3.3 Analysis and Results

Raw signals were averaged for each response. The averages for the responses to the skills questions were standardized within subjects to control for interpersonal differences. Video, audio, and linguistic data were separately submitted to principal components analysis for both key component identification and dimension reduction. A promax rotation was used because of the expected correlation between components. The final rotated components were labeled according to the behavioral trait they seemed to be reflecting, based on the items that loaded heavily. The labeled components and example items are shown in Table 2.

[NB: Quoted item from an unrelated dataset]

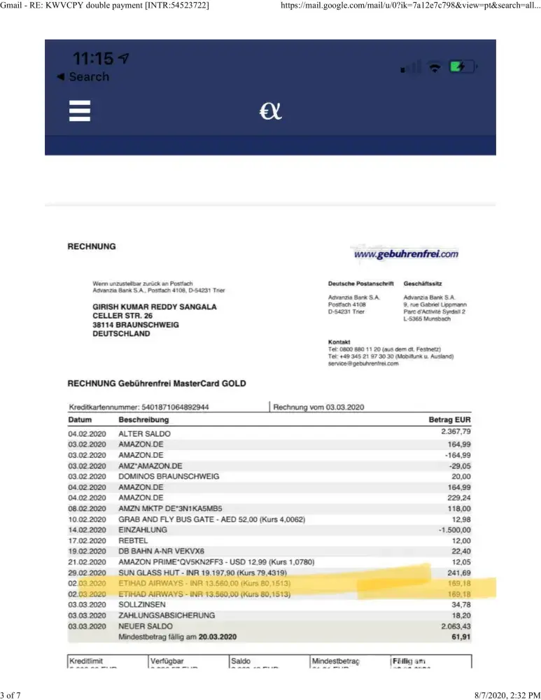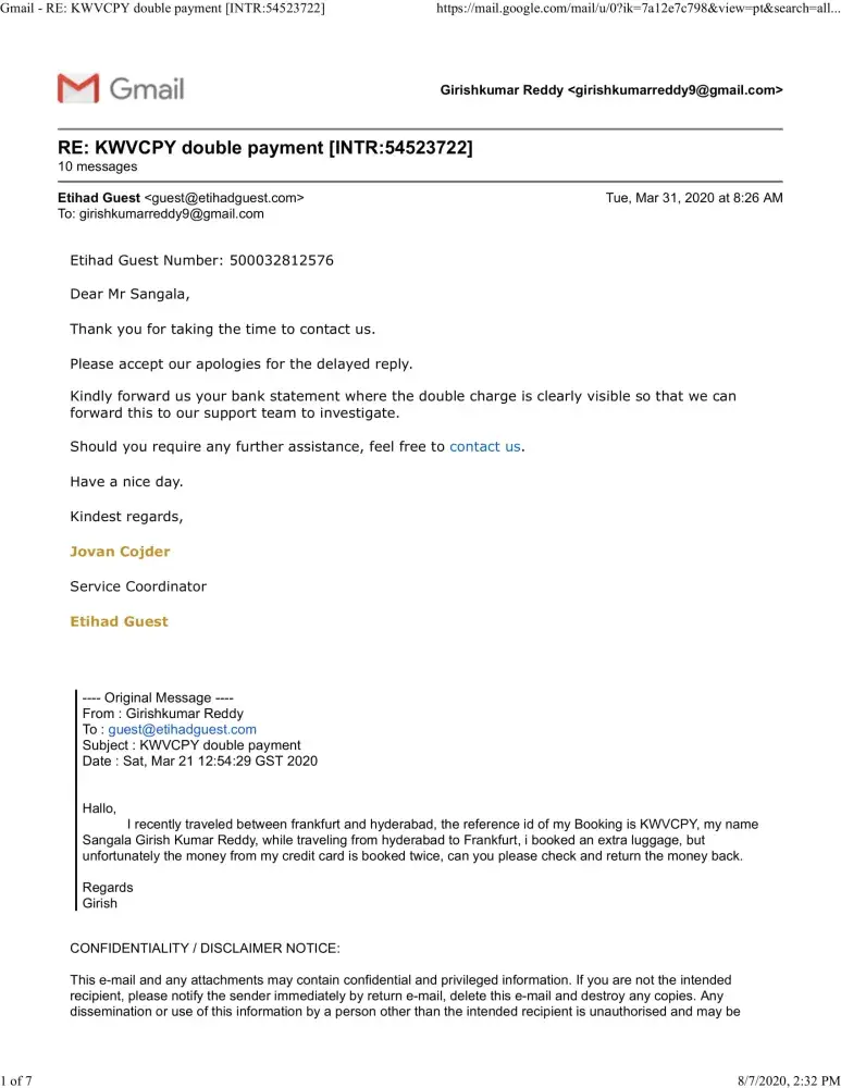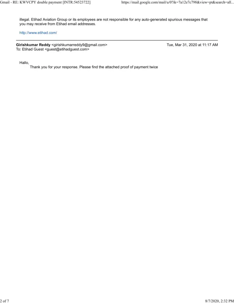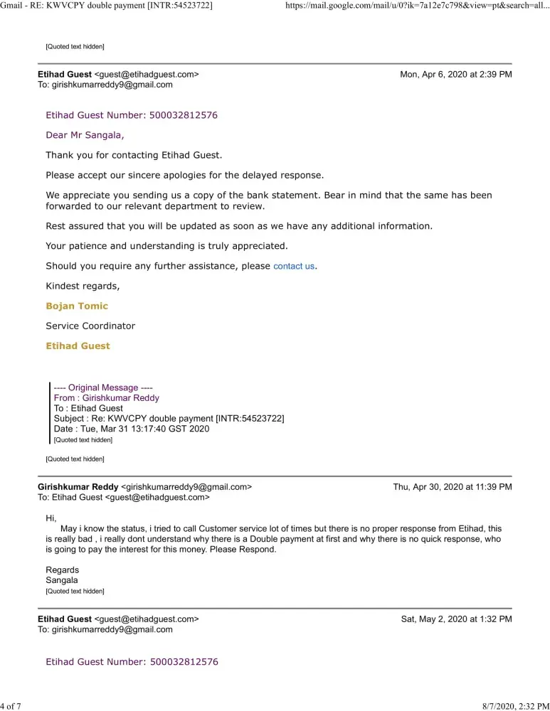 So here is the complaint which I have been complaining from 03-03-2020, unfortunately etihad never refunded my money for the double payment they did.

Table 2. Labeled behavioral components

A multivariate regression model was specified with Deception as the independent variable and the components in Table 2 as dependent variables. The linguistic variables were still undergoing data preparation and were not included. Deception had a significant impact on the twelve components displayed in Fig. 4. The units of measurement in Fig. 4 are standard deviations, so an interpretation for fear would be that on average, interviewees showed about half of a standard deviation more fear than normal when fabricating a response, as compared to their own baseline responses.

Fig. 4.
figure 4

Graphical representation of the coefficient estimates of significant (p < .05) behaviors during deceptive responses

The results indicate that compared to the baseline questions, deceptive responses were associated with the total amount of movement dropping in locations across the face, and the acceleration of the facial movement that did occur was also slower. At the same time, the amount of fear expressed on the face rose significantly. From a vocalic perspective, there was a significant drop in what we termed “Vocal Excitement,” which means the pitch, intensity and jitter of the voice decreased. Probably relatedly, the response marked a low point in a trend toward increased vocalic power in later responses.

4 Discussion

The goal of this study was to investigate the potential of a new class of system that could identify deception during interviews that required open-ended questions. Results of the experimental evaluation of the AVIS provide evidence that in this type of scenario, at least some behavioral variations do manifest that are diagnostic of deception. Specifically, facial animation decreases, both in terms of overall movement and the speed of change of that movement. Decreased facial movement has been identified as a potential deception indicator in a prior research study in a related context [20], and this study provides further evidence of this indicator, and indicates some level of robustness to a context with less control in terms of the allowance of open-ended questions. This is the first study identifying decreased facial acceleration as a potential deception indicator and its cause is unclear, but may be related to the facial freeze associated with both psychophysiological and behavioral mechanisms theorized to accompany deception. Additional research is needed to determine whether this is so.

Exaggeration.

A follow-up investigation identified instances of exaggeration in the interview. While exaggeration is commonly identified as a type of deception, most of the behavioral indicators that were diagnostic of fabrication were not diagnostic of exaggeration. This is an important finding because some exaggeration is common in interviewing, and if such a system conflates it with fabrication, the value of its output may be diluted. Instead, the results suggest that exaggeration looks very different from fabrication when it comes to diagnostic behavioral indicators.

Additional analyses are underway. These focus on identifying the classification potential of this type of system but estimating AVIS’s ability to predict deception. Though it is clear that deception creates behavioral anomalies, classification analyses will help provide an initial idea of how discriminatory and how useful the anomalies are.